And they will if they can not get enough bees from the US and Australia!! At the price they are willing to pay. As the price of fuel, fertilizer and chemicals go up they will find other ways to cut costs.


----------



## Eaglerock (Jul 8, 2008)

BEES4U said:


> http://www.malkaqueens.com/ingles/home.htm
> 
> Regards,
> Ernie Lucas Apiaries


Now with that I learned something


----------



## Bizzybee (Jan 29, 2006)

I got me one of them new "Sonic Presto Pots" rat!!! Melts it cold dude!!! Even you could use one of them things!!! 

MONEY MONEY MONEY BB, makes everything alright. Make's commenting or discussion a moot point.


----------



## CSShaw (Aug 25, 2008)

*Money as rule?*

There is a Lakota idea, seven generations, which other nations share, the idea that what is best to do is done for seven generations ahead. I guess, by nature i think this way. I ask, what will be wise for the future? I think long ago the tropical hybrid could have been developed; there is variation in temperment, some success is the southern America, but there was only an interest in Eurpoeanizing the Africans. I always thought that sounded like manifest destiny. It never had any success and perhaps at this late date a useful bee would have been developed.

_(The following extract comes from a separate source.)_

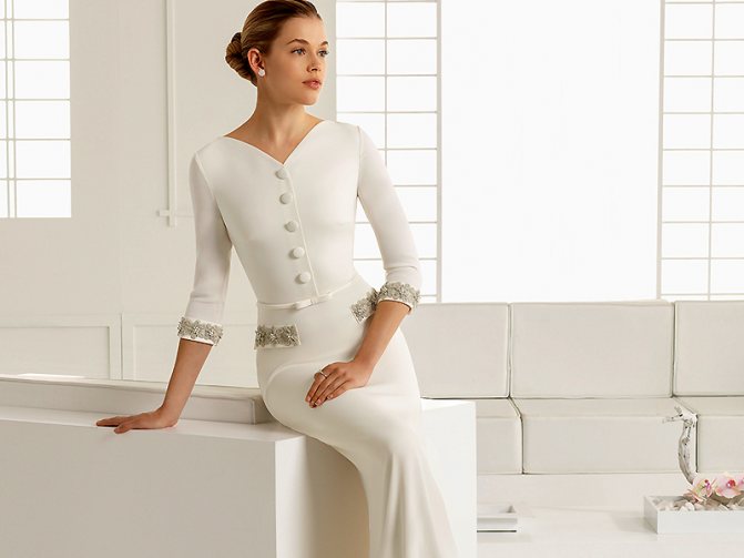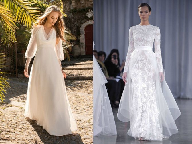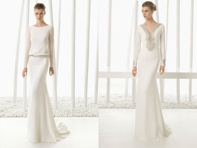 Элегантные наряды, сдержанные и изысканные одновременно, выглядят очень соблазнительно. Они актуальны не только для венчания в церкви, но и для гражданской церемонии.
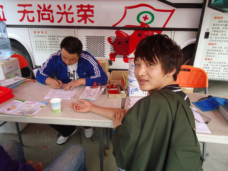 虽然天气有点冷,却掩盖不了同学们献血的热情,在献血现场,无论是长长的队伍,还是拥挤的签到处,再或是络绎不绝的人流,都可以看出同学们对献血的热情。公路与桥梁专业56班学生冯征说:“我刚满18岁,但今年已经献血两次了,也没有多想,就是想献点血,或许还能救一个人的命呢” 。很朴实的话,却饱含深情。从事多年学生管理工作的赵延虎老师说:“我没多想,人之常情嘛,只是想尽自己的一点力,让爱心传递下去”。

Sometimes all this money making is best set aside and a wiser way found. Is that not best left to the individual? It also seems to me that California has plenty of nuts already, i speak of the tree product. Food does not grow in Safeway or the like, smaller communities, healthier food and to heck with all the import this and that, i think this would have been a better way. I don't begrudge the queen company seeking a market, someone will learn something about the tropical bee i imagine in all of this as well.

I wonder who has fresh eyes to imagine a more useful future to the keeping of bees? I doubt bigger has proven better.

Chrissy


----------



## naturalbee (Aug 14, 2008)

*Africanized?*

My understanding is there is a problem with africanized bees in the southern countries. Have they mentioned that in any of the discussions?


----------